Dates:  1880, 26 January - 1962, August
Born:  England, London
Died:  US, TX
 
  

Preparing biographies

Approved biography for Arthur Hammond
(Courtesy of Christian Peterson)

 
  
Hammond was deeply involved in pictorial photography from the 1910s into the 1950s. He helped edit American Photography, wrote many articles and an important book on composition, and made his own pictures, which were widely exhibited.
 
Arthur Hammond was born in London, on January 26, 1880. He moved to New York in 1908 and two years later settled in Boston, where he remained for most of his life. As a professional photographer, he specialized in home portraits of children, usually using soft-focus lenses. In 1927, he went to Chicago for a few years to direct the home-study courses of the American School of Photography.
 
Hammond contributed substantially to the photographic literature of the time, writing on portraiture, technique, and pictorialism. His long career as an author began in April 1910, when an article he wrote on night photography appeared in Camera magazine. In 1918, he became associate editor of American Photography (this country’s leading photographic monthly), a position he held for about forty years (minus his stint in Chicago). During the 1930s and 1940s, he contributed articles to and edited long-running columns for the monthly and its sister publication, the American Annual of Photography. He retired from the magazine along with its editor, Frank R. Fraprie, in 1949. After this time, American Photography and thePSA Journal carried occasional articles by him.
 
Hammond also wrote a handful of technical books, sometimes in conjunction with Fraprie. His most important title, however, was his own Pictorial Composition in Photography, a basic text on composition, technique, and pictorialism. This enduring volume first appeared in 1920 and remained in print for more than twenty-five years, going through four editions.
 
Hammond was a practicing pictorialist, creating and exhibiting artistic photographs for at least thirty years. He joined the Boston Young Men’s Christian Union Camera Club in 1910 and two years later had a one-person exhibition at the Boston Camera Club. He exhibited in salons from as early as 1913, when his work was seen in the Ninth American Photographic Salon, to the late 1940s. His most prolific season was 1934-35, when more than fifty salons accepted 148 of his prints. In 1944, the Smithsonian Institution presented a solo show of his work. Semi-Lunar was one of Hammond’s most successful salon photographs. Made at the 1939 New York World’s Fair, it is as modern as pictorial images get. Its subject—the fair’s Perisphere—was the epitome of contemporary, art-deco architecture. Hammond rendered the Perisphere strategically lit, sharply focused, and without visual clutter, making the picture a triumph of photographic minimalism.
 
Hammond’s stature among pictorialists led him to participate in numerous organizations.
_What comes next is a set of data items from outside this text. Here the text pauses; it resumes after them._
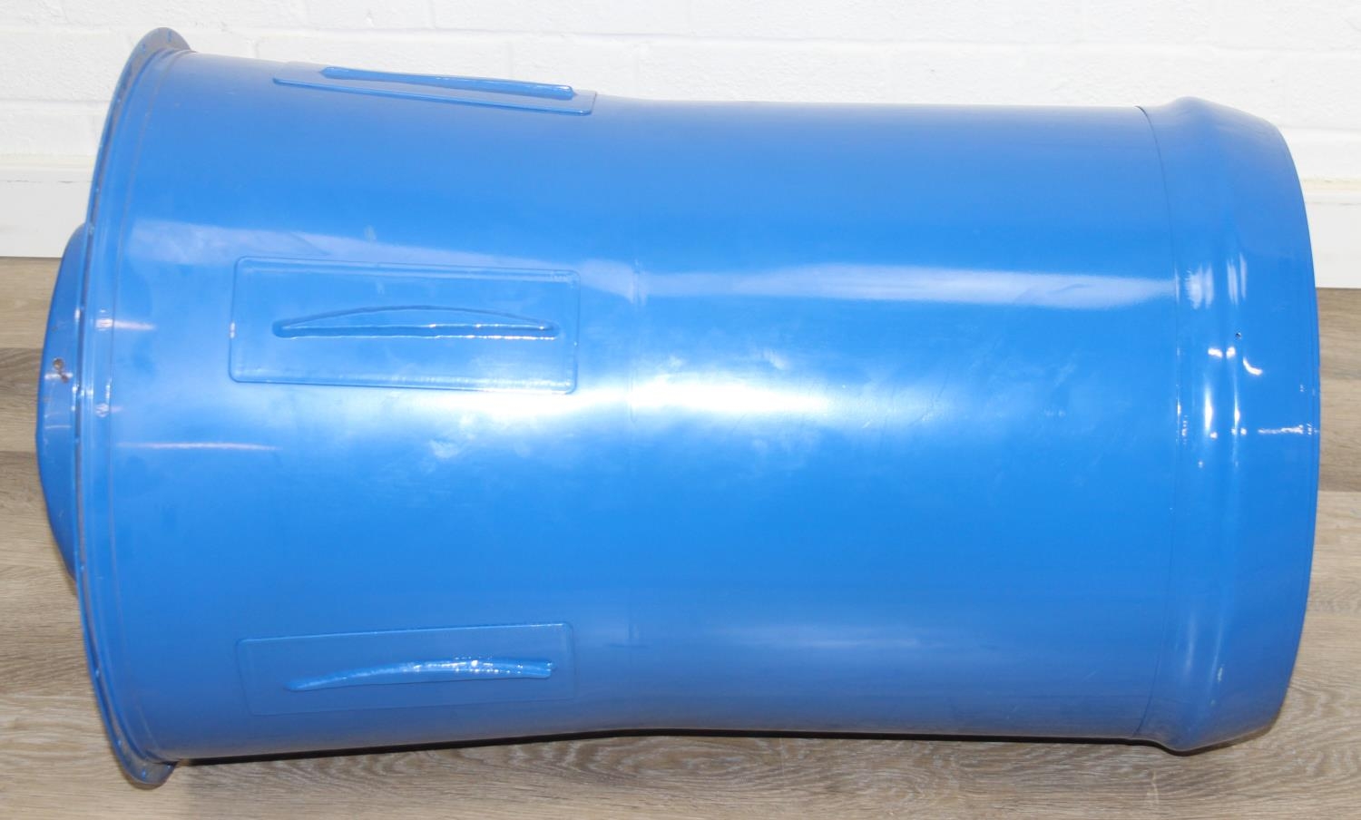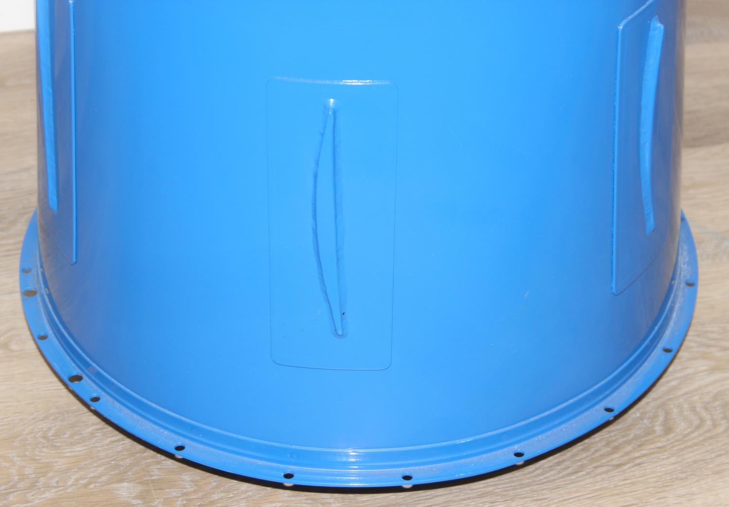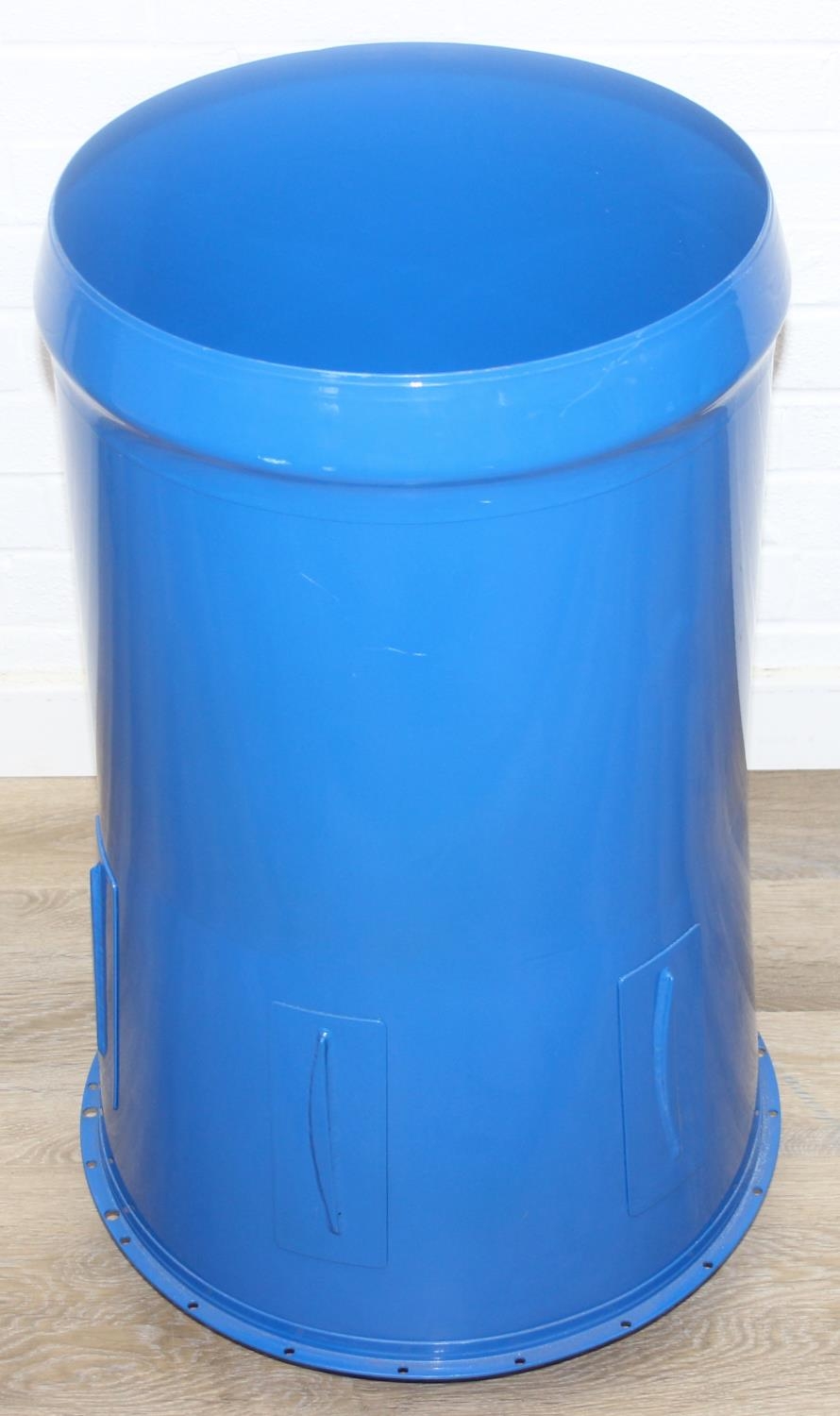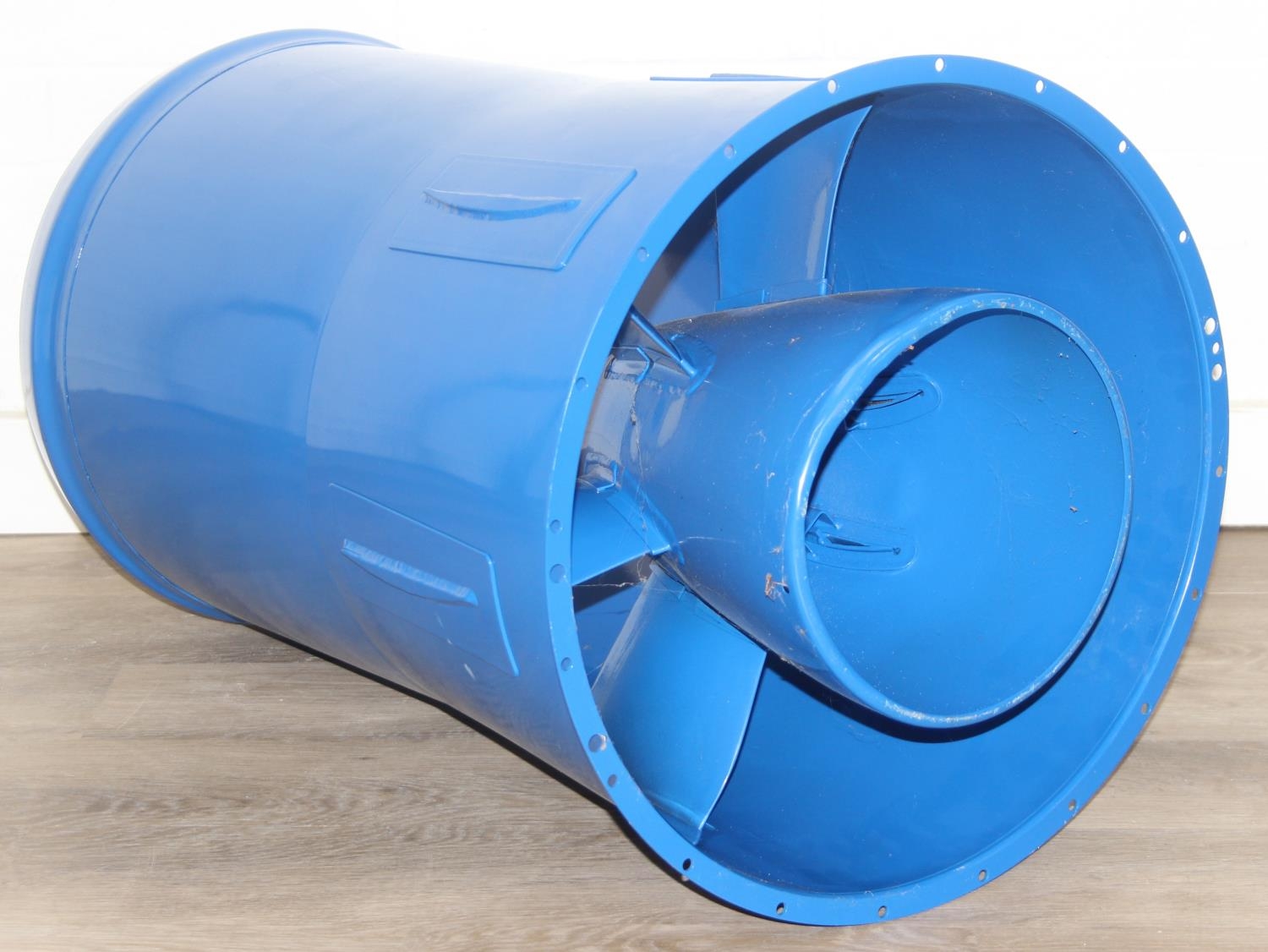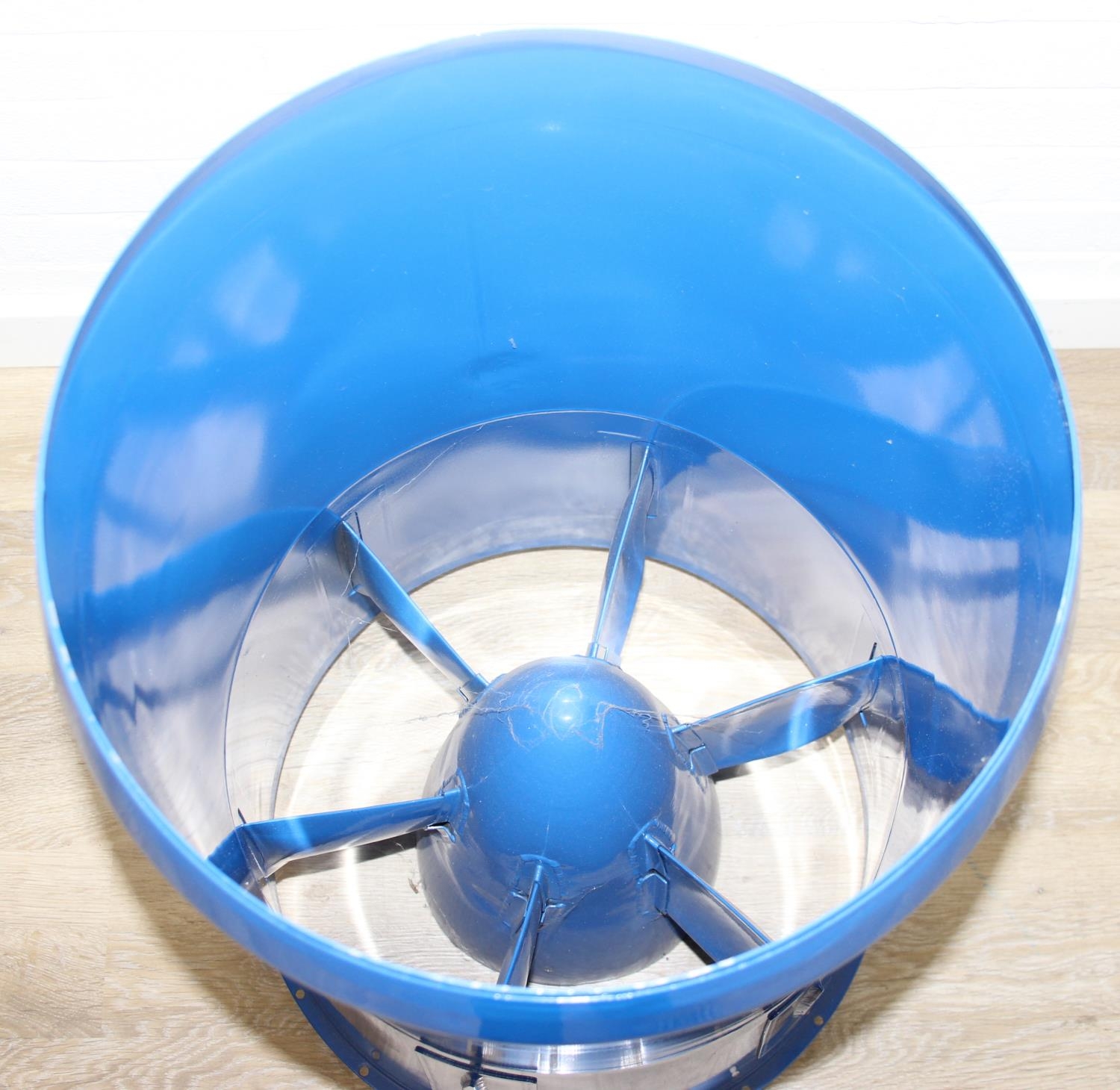 A modern metal aeroplane engine cowling, blue painted metal finish, would make an ideal table base with glass top, 45cm diameter x 79cm
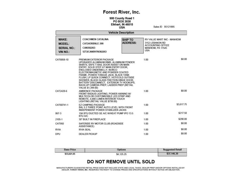 | Awning Info | 18' Electric w/Multicolor LED Strip & Remote |
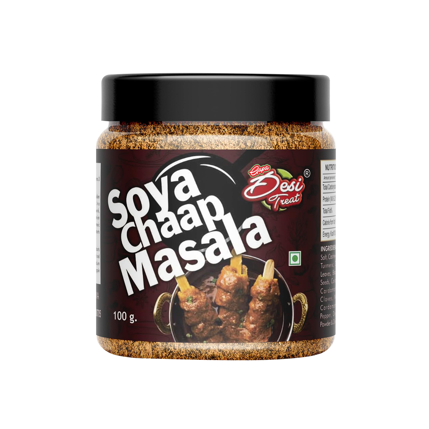 Desi Treat Soya Chaap Masala: Elevate your culinary creations with this premium masala blend, specially crafted for soy chaap. Experience the perfect balance of flavors that will transform your vegetarian dishes into something truly exceptional.
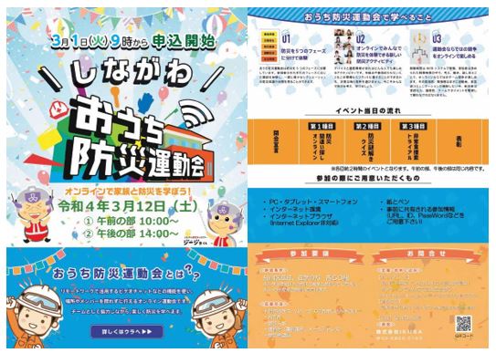 品川区では、3月12日(土)に、防災オンラインイベントを開催します。家族で参加できますので是非ご参加ください。
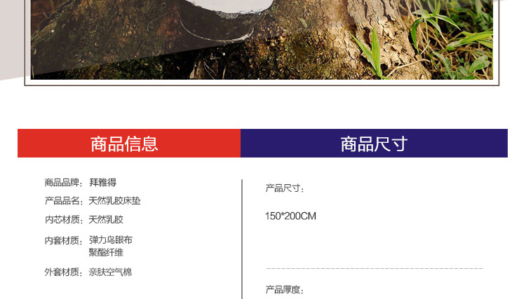拜雅得 泰国乳胶床垫 150*200*5cm 天然乳胶垫子 榻榻米床垫
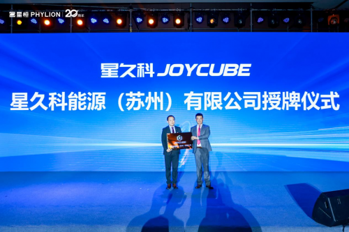慶典上,星恒電源董事長兼總裁馮笑向星恒電源副總裁兼星久科總裁李聲華授牌,代表著星恒控股子公司星久科能源(蘇州)有限公司正式成立。
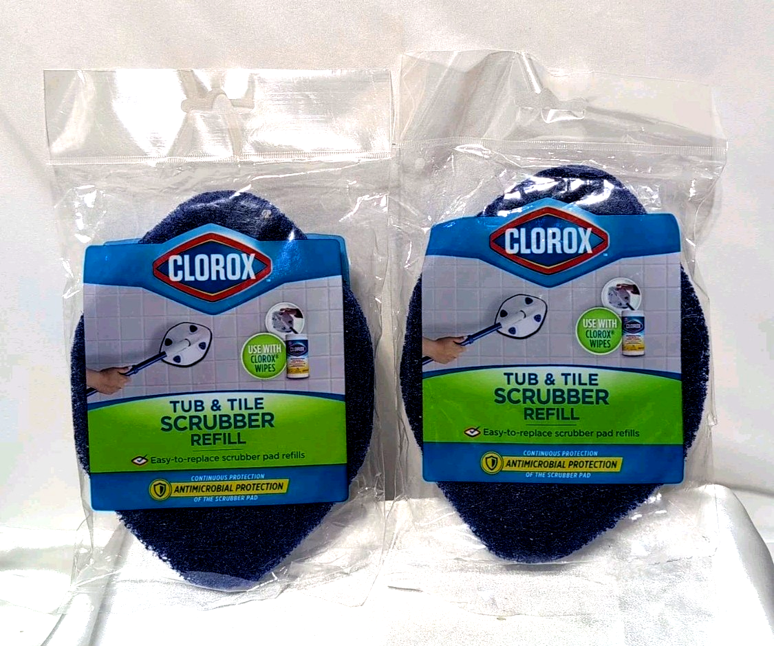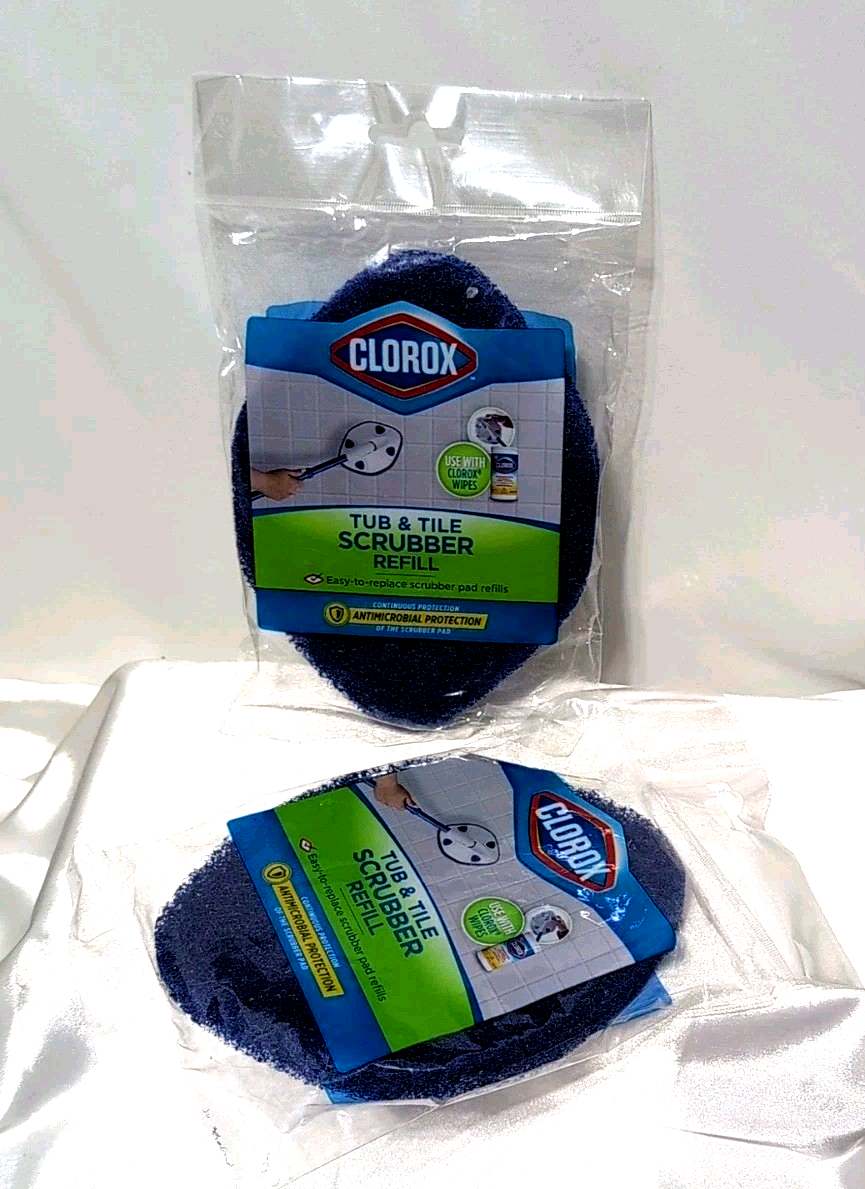 2X Clorox Tub & Tile Scrubber Refill Pads Easy Snap-On Replacements Cleaning NEW
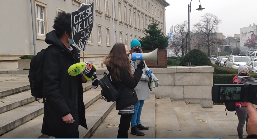 - Jako uczennice i uczniowie - podobnie jak nauczycielki i nauczyciele, ale i osoby strajkujące w obronie praw kobiet - odczuwamy niepokój. Niepokój związany z obecną sytuacją. Niepokój związany z (w dalszym ciągu) zaniedbanym zdalnym nauczaniem. Niepokój związany z maturami. Niepokój związany z osobami sprawującymi pieczę nad polską oświatą. Niepokój związany z naszą przyszłością - pisali organizatorzy zapowiadając dzisiejszy protest.
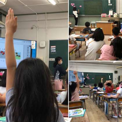 手をまっすぐに挙げ、答える姿がとてもすてきでした。日に日に成長する子どもたちです。
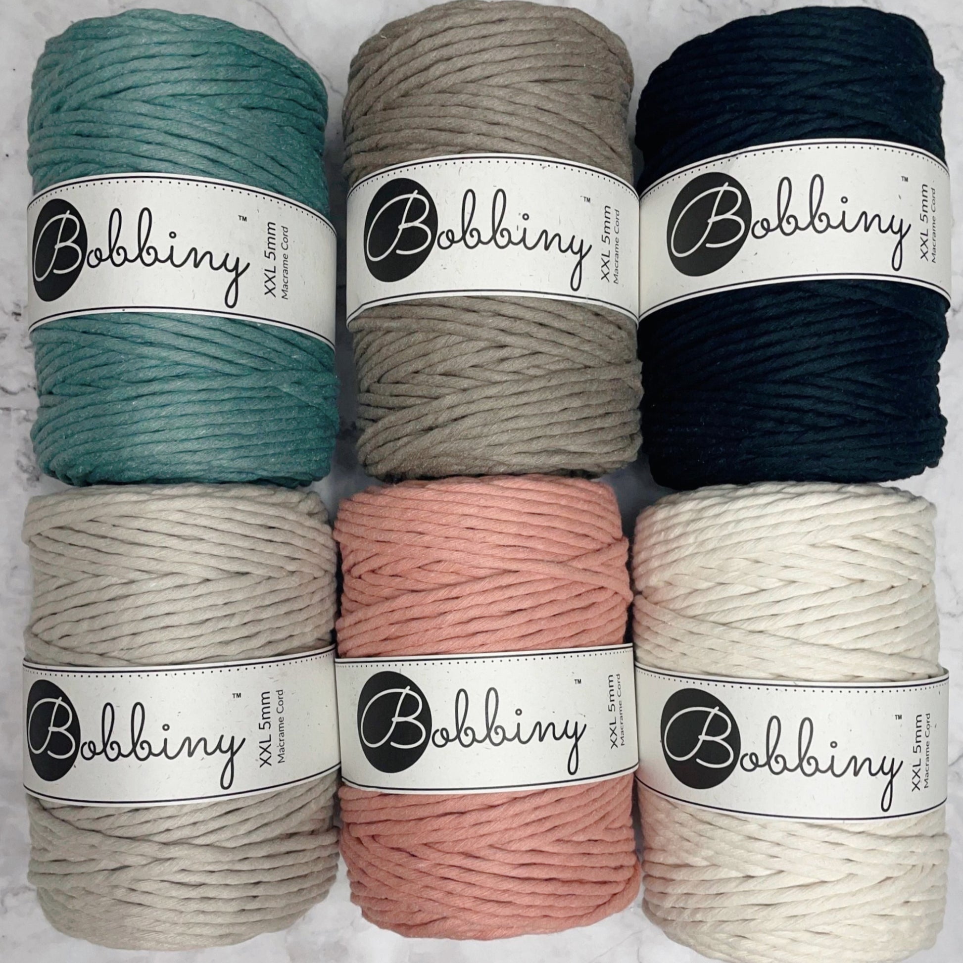 Bobbiny 5mm Macramé Cord is an exceptionally soft product. Thanks to the structure made of delicate cotton, working with it is a pure pleasure. It‘s 112 individual fibers twisted into a single strand 5mm cord that creates a soft but durable product. It‘s size gives you the possibility to create most patterns. It is perfect for macramé and weaving. You can create beautiful wall decorations, but also handbags and jewelry. Combine and mix different colors and you will see what amazing effects you can get! If you want to give your work a boho effect, comb the ends, and you will get fluffy fringes that will liven up your creations.

He was active in camera clubs in Boston and served as treasurer and print director of the New England Council of Camera Clubs in 1941. He was a charter member of the Photographic Society of America, which awarded him with fellowship status (FPSA) in 1946. He was also frequently called upon to judge salons, primarily in the Northeast.
 
Suffering from chronic obstructive lung disease late in life, Hammond sought climates that would ease his labored breathing. He resided in Warm Springs, Georgia, and Marianna Florida, and finally settled in Portland, Texas, around 1945. According to David M. Monsees, Jr., who, as a young child knew Hammond as an old man, the photographer generated a meager income by writing crossword puzzles; he died penniless, and was buried in the Monsees family plot in Gregory, Texas, in August 1962. 
  
Christian A. Peterson Pictorial Photography at the Minneapolis Institute of Arts (Christian A. Peterson: Privately printed, 2012) 
  
This biography is courtesy and copyright of Christian Peterson and is included here with permission. 
  
Date last updated: 1 June 2013. 
  
SHARED BIOGRAPHICAL INFORMATION PROJECT 
  
We welcome institutions and scholars willing to test the sharing of biographies for the benefit of the photo-history community. The biography above is a part of this trial.
 
If you find any errors please email us details so they can be corrected as soon as possible.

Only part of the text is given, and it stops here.